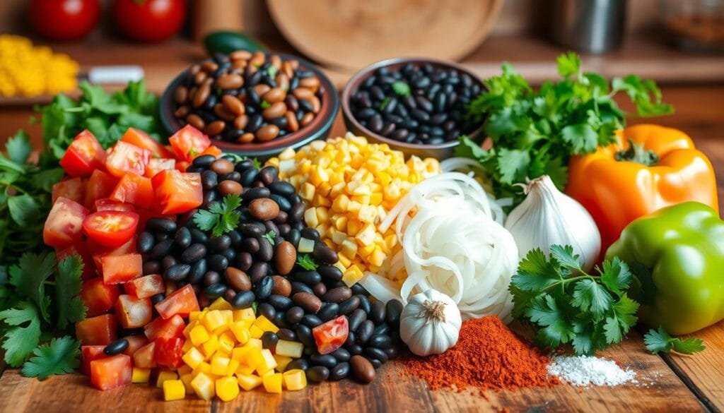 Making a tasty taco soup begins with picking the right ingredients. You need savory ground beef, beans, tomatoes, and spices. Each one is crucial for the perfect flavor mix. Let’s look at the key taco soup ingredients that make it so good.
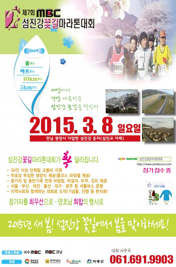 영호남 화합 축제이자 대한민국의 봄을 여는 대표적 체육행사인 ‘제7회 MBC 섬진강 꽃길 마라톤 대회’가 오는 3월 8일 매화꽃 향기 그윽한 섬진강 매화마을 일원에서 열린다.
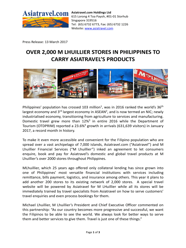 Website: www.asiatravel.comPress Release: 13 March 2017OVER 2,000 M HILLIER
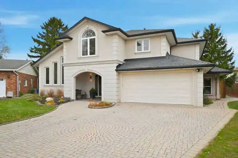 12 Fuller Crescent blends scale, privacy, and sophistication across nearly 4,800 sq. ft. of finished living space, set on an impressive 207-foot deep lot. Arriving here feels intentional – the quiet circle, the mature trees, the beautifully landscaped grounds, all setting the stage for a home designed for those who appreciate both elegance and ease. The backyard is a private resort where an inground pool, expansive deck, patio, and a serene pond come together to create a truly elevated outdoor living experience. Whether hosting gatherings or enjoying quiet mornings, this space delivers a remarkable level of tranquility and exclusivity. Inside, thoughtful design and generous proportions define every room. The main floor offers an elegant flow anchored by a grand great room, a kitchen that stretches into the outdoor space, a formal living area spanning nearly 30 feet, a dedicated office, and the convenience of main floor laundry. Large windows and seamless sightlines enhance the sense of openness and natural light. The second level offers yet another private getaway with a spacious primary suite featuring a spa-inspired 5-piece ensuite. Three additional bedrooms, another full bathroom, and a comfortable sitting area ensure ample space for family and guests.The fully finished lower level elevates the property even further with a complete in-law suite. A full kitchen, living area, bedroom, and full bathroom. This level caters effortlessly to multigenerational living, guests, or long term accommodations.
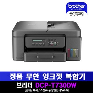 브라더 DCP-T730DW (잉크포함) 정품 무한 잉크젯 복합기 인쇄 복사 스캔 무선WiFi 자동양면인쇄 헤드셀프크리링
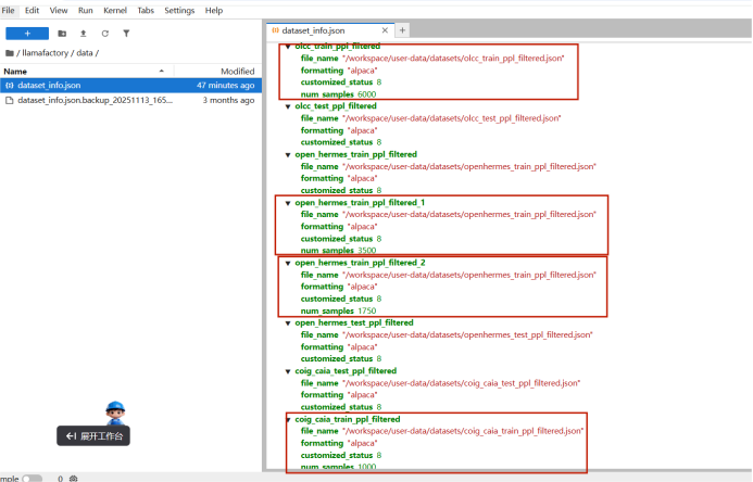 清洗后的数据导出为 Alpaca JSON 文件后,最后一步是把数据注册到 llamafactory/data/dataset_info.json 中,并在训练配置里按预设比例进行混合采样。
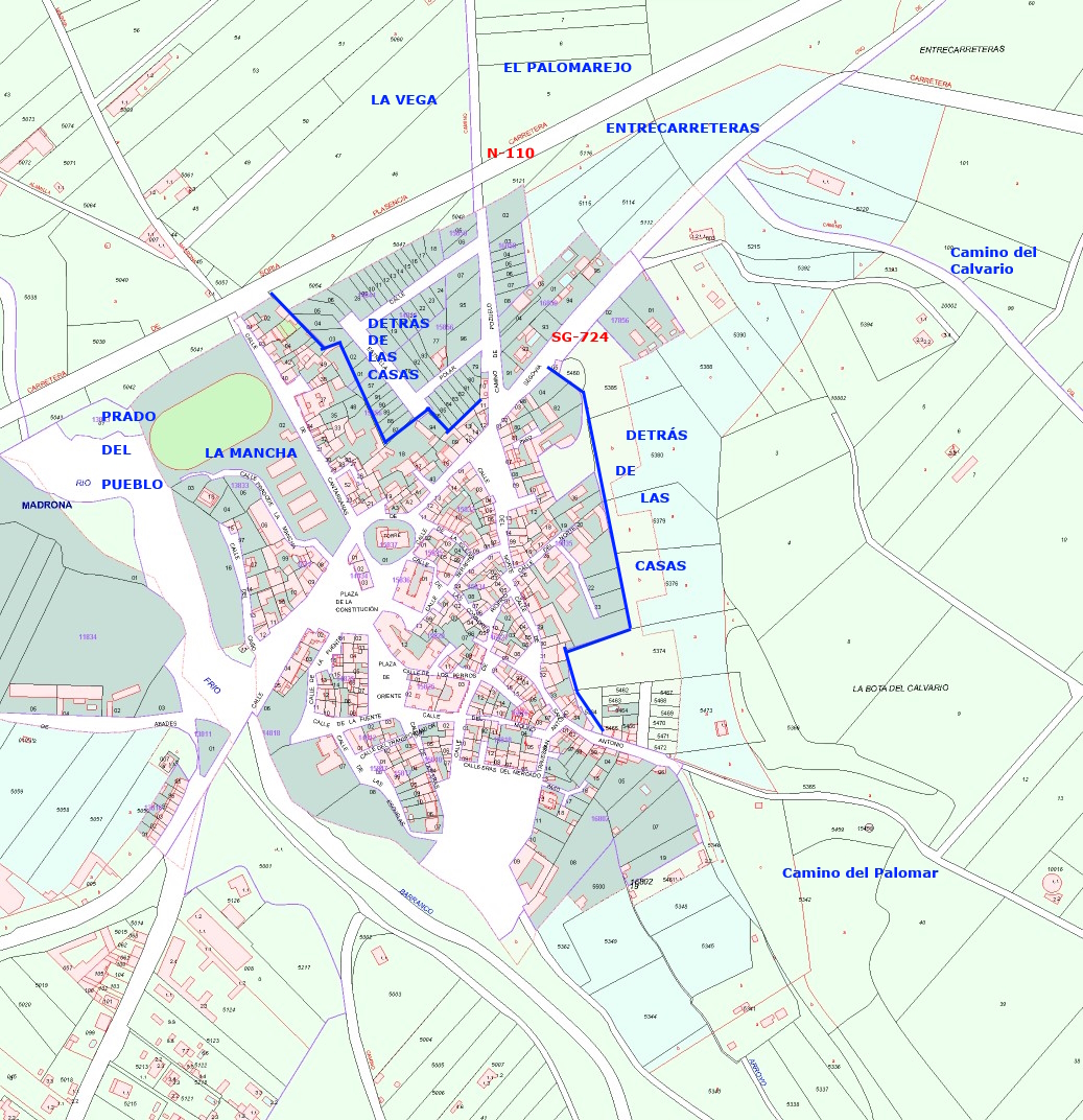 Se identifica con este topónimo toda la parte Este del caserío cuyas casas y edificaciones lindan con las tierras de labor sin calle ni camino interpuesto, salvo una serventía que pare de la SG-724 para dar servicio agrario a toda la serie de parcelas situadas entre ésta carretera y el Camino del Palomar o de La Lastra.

——

Task description ▸ Using the entries above, write out exactly the lines from the one with "Website: www.asiatravel.comPress Release: 13" through the one with "清洗后的数据导出为 Alpaca JSON", ends included. Leave out any pictures.

Worked solution ▸
 Website: www.asiatravel.comPress Release: 13 March 2017OVER 2,000 M HILLIER
 12 Fuller Crescent blends scale, privacy, and sophistication across nearly 4,800 sq. ft. of finished living space, set on an impressive 207-foot deep lot. Arriving here feels intentional – the quiet circle, the mature trees, the beautifully landscaped grounds, all setting the stage for a home designed for those who appreciate both elegance and ease. The backyard is a private resort where an inground pool, expansive deck, patio, and a serene pond come together to create a truly elevated outdoor living experience. Whether hosting gatherings or enjoying quiet mornings, this space delivers a remarkable level of tranquility and exclusivity. Inside, thoughtful design and generous proportions define every room. The main floor offers an elegant flow anchored by a grand great room, a kitchen that stretches into the outdoor space, a formal living area spanning nearly 30 feet, a dedicated office, and the convenience of main floor laundry. Large windows and seamless sightlines enhance the sense of openness and natural light. The second level offers yet another private getaway with a spacious primary suite featuring a spa-inspired 5-piece ensuite. Three additional bedrooms, another full bathroom, and a comfortable sitting area ensure ample space for family and guests.The fully finished lower level elevates the property even further with a complete in-law suite. A full kitchen, living area, bedroom, and full bathroom. This level caters effortlessly to multigenerational living, guests, or long term accommodations.
 브라더 DCP-T730DW (잉크포함) 정품 무한 잉크젯 복합기 인쇄 복사 스캔 무선WiFi 자동양면인쇄 헤드셀프크리링
 清洗后的数据导出为 Alpaca JSON 文件后,最后一步是把数据注册到 llamafactory/data/dataset_info.json 中,并在训练配置里按预设比例进行混合采样。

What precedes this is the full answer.